▸ Required work: Write out every record below exactly as given. Leave the pictures out.

--- Dataset extract ---

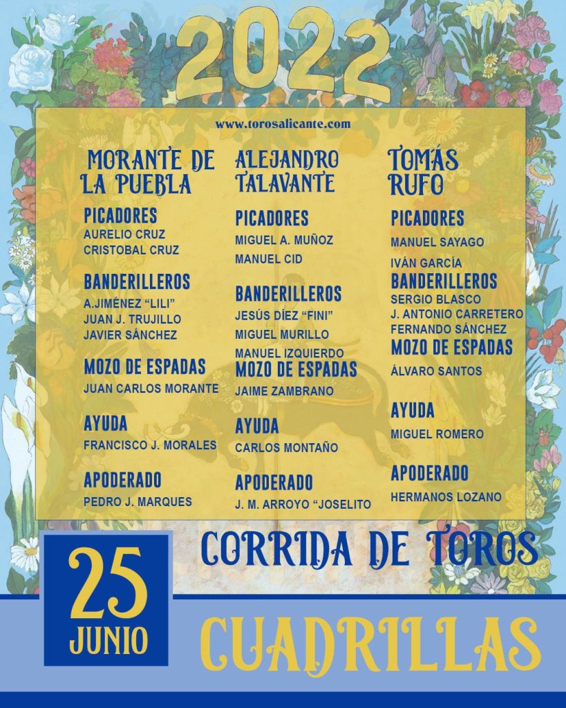 Los espadas Morante de la Puebla, Alejandro Talavante, Tomás Rufo forman la terna de hoy.
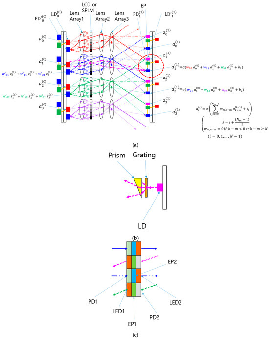 The use of the SPLM instead of the SLM in an SOCNN [16] can also be adapted for application in BONN [23], as depicted in Figure 4a. In this SPBOCNN architecture, the SPLM takes over the role previously held by the SLM, modulating light traveling in both forward and backward directions based on the neural network’s weight values. With the help of Lens 2 and Lens 3, the SPLM pixels’ images are projected onto the detector plane or the second substrate, which also houses light sources () to facilitate backward light propagation, as shown in Figure 4b. These backward light sources may consist of laser diodes combined with a grating and prism for beam property control. The beams passing through the SPLM are focused onto PDs () on the first substrate, maintaining compatibility with the backward propagation process. Even with the replacement of the SLM by the SPLM, the core BONN structure remains intact, with a significant enhancement in modulation speed.
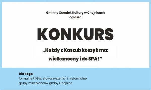 Gminny Ośrodek Kultury w Chojnicach zaprasza formalne (KGW, stowarzyszenia) i nieformalne grupy mieszkańców gminy Chojnice do udziału w konkursie "Każdy z Kaszub koszyk ma: Wielkanocny i do…SPA".
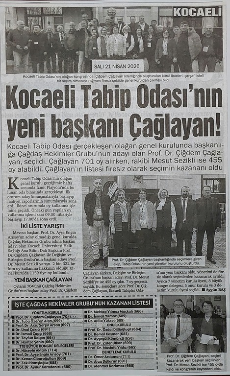 Kocaeli Tabip Odası’nın genel kurulu, bugün oda binasında gerçekleştirildi. İki listenin yarıştığı seçimde Çiğdem Çağlayan rakibini ezdi geçti
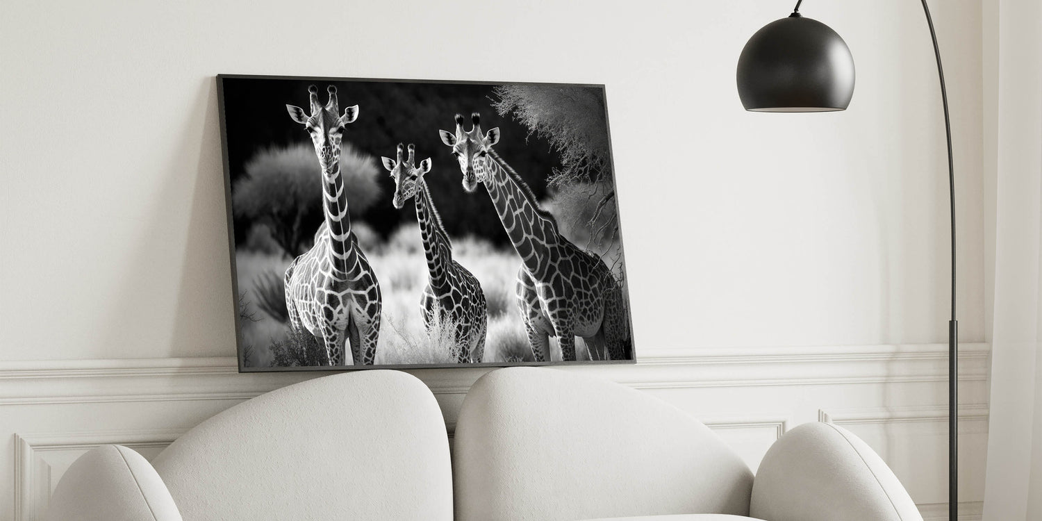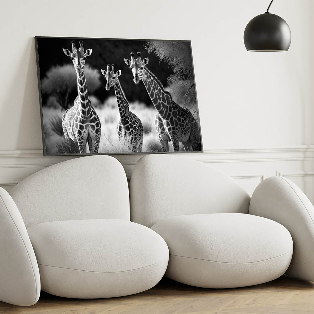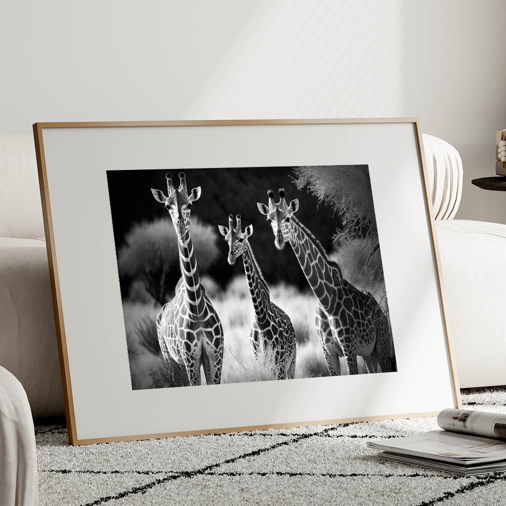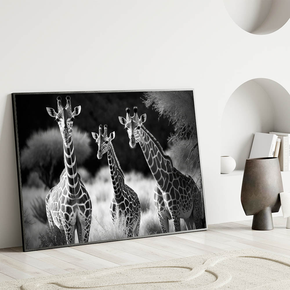 Bring the majesty of the African savannah into your home with this stunning giraffe wall art. Capturing the elegant poise of three giraffes, this piece is perfect for those who appreciate the beauty of wildlife. Whether displayed in your living room, office, or bedroom, this artwork serves as a serene reminder of the natural world.
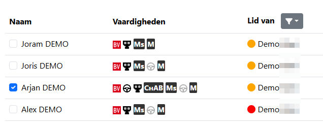 Stap 9.) Vink in de kandidatenlijst de gebruiker(s) aan waar je een ruiling mee wilt uitvoeren.
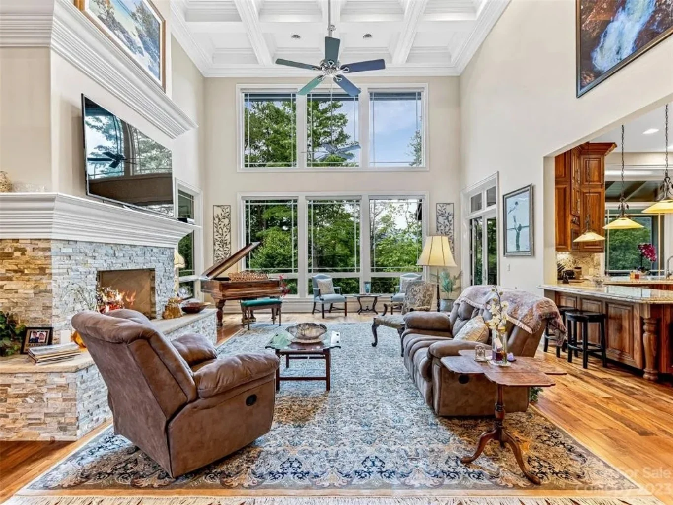- Vaulted ceilings and expansive windows framing mountain or forest views.
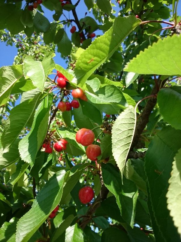 パパーベリ(ケシ)が咲くお散歩道。おや、サクランボが実をつけてますよ。
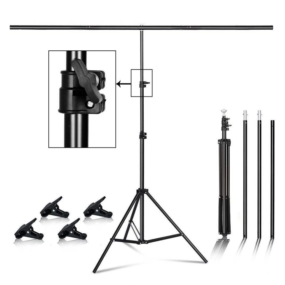 ขาตั้งฉากหลังโลหะรูปตัว T ขนาด 10 ฟุต สำหรับสตูดิโอถ่ายภาพ ฉากเขียว อุปกรณ์เสริมสำหรับถ่ายภาพและวิดีโอ
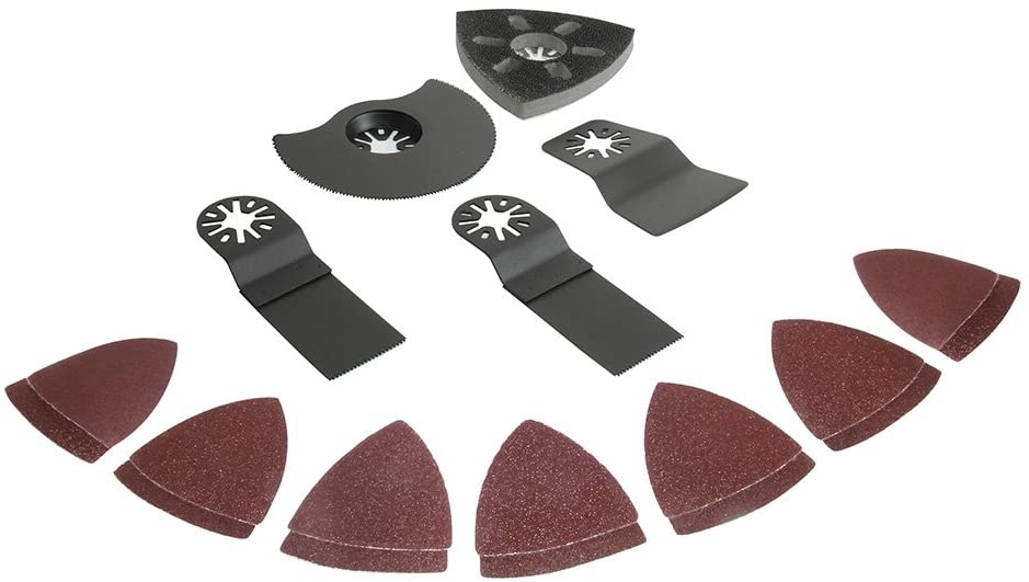 1 raspador, 2 hojas de sierra 65 Mn, 1 sierra de media luna, 1 almohadilla de lijado, 14 de repuestos de lijas

---

▸ Task response:
 Los espadas Morante de la Puebla, Alejandro Talavante, Tomás Rufo forman la terna de hoy.
 The use of the SPLM instead of the SLM in an SOCNN [16] can also be adapted for application in BONN [23], as depicted in Figure 4a. In this SPBOCNN architecture, the SPLM takes over the role previously held by the SLM, modulating light traveling in both forward and backward directions based on the neural network’s weight values. With the help of Lens 2 and Lens 3, the SPLM pixels’ images are projected onto the detector plane or the second substrate, which also houses light sources () to facilitate backward light propagation, as shown in Figure 4b. These backward light sources may consist of laser diodes combined with a grating and prism for beam property control. The beams passing through the SPLM are focused onto PDs () on the first substrate, maintaining compatibility with the backward propagation process. Even with the replacement of the SLM by the SPLM, the core BONN structure remains intact, with a significant enhancement in modulation speed.
 Gminny Ośrodek Kultury w Chojnicach zaprasza formalne (KGW, stowarzyszenia) i nieformalne grupy mieszkańców gminy Chojnice do udziału w konkursie "Każdy z Kaszub koszyk ma: Wielkanocny i do…SPA".
 Kocaeli Tabip Odası’nın genel kurulu, bugün oda binasında gerçekleştirildi. İki listenin yarıştığı seçimde Çiğdem Çağlayan rakibini ezdi geçti
 Bring the majesty of the African savannah into your home with this stunning giraffe wall art. Capturing the elegant poise of three giraffes, this piece is perfect for those who appreciate the beauty of wildlife. Whether displayed in your living room, office, or bedroom, this artwork serves as a serene reminder of the natural world.
 Stap 9.) Vink in de kandidatenlijst de gebruiker(s) aan waar je een ruiling mee wilt uitvoeren.
- Vaulted ceilings and expansive windows framing mountain or forest views.
 パパーベリ(ケシ)が咲くお散歩道。おや、サクランボが実をつけてますよ。
 ขาตั้งฉากหลังโลหะรูปตัว T ขนาด 10 ฟุต สำหรับสตูดิโอถ่ายภาพ ฉากเขียว อุปกรณ์เสริมสำหรับถ่ายภาพและวิดีโอ
 1 raspador, 2 hojas de sierra 65 Mn, 1 sierra de media luna, 1 almohadilla de lijado, 14 de repuestos de lijas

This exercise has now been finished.